What are the typical architectural and runtime problems / bottlenecks / pitfalls of Java EE applications in real world?

My personal opinion is developers, developers, developers, developers. I hardly ever see any problems in a runtime environment or application server (and usually there is a some misconfiguration), but memory leaks, locks and long executed SQL-queries are big problems. I don't want to blame any frameworks, but for years I've made a conclusion for me, some ones do more memory and consequently GC pressure by design than other. For instance, in practice I saw user sessions were taken about 60 MB for each other. It means you need a 6 GB heap just for 100 concurrent users or 60 GB for 1000 ones. Well, from salers point of view it sounds very good, bad designed software sells hardware, but from engineers one it sounds crazy. And it is very strange for me, sometimes developers don't want fix problems even they got a well done analysis. Ok, I understand, there is some business, you have a contract with the customer and any fix means money.
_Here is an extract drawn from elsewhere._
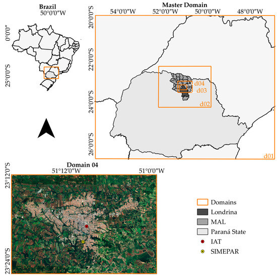 Numerical simulations were executed from 2017, September 6th 00 UTC to September 16th 00 UTC (240 simulated hours), since it was a period of relatively calm winds, clear-sky days, and no rainfall. The first 24 h of simulation were discarded from the analysis to avoid the spin-up effect [62,63]. The model performance analysis was conducted evaluating the values obtained from the model with those measured at the IAT and SIMEPAR monitoring stations (Figure 1) by using Pearson’s Correlation Coefficient (r), Mean Bias (MB), Root-Mean-Square Error (RMSE), and Pielke skill score (SPielke) [62,64,65]. The IAT station (latitude: 23.319° S; longitude: 51.155° W) is located in the central area of Londrina, set and funded by Instituto Água e Terra (Figure S1), while SIMEPAR (latitude: 23.355° S; longitude: 51.161° W) is in the south of surrounding areas of Londrina, supported by Sistema Meteorológico do Paraná and Instituto de Desenvolvimento Rural do Paraná (Figure S1). These are the meteorological stations with observations available in the simulation period in the study region used for validation.

May be customers should think more during contract signing while any support is not included in. It may be good old Russian tradition, but every body likes boil the stone soup. Why WebSphere Application Server or WebLogic or Glassfish or whatever, why EJB or CDI, WTF, there is Tomcat and our lovely Spring Framework, so we can develop anything on this guys. But if you ask about support, please see my sentence above. The developers community looks like a Washington pie, so on top there are a number of well experienced team leads, they usually tried using J2EE 1.4 or even 1.3, looked at EJB 2.0 and dislike it. This guys switched on the Spring Framework or another one years ago and do not know about new thing in Java EE 5, 6, or 7. Bellow there are a lot of young developers which get knowledge only from this Java EE haters gurus (a guru could be a team lead or just a guy giving advices on an internet-forum). A common misconception in Russia is Java EE is a slow, very hard to develop and maintain technology and light-weight solutions work faster.

Tell me more about your benchmark CDI vs. EJB vs. Spring. Why have you created that? Did the results surprised you?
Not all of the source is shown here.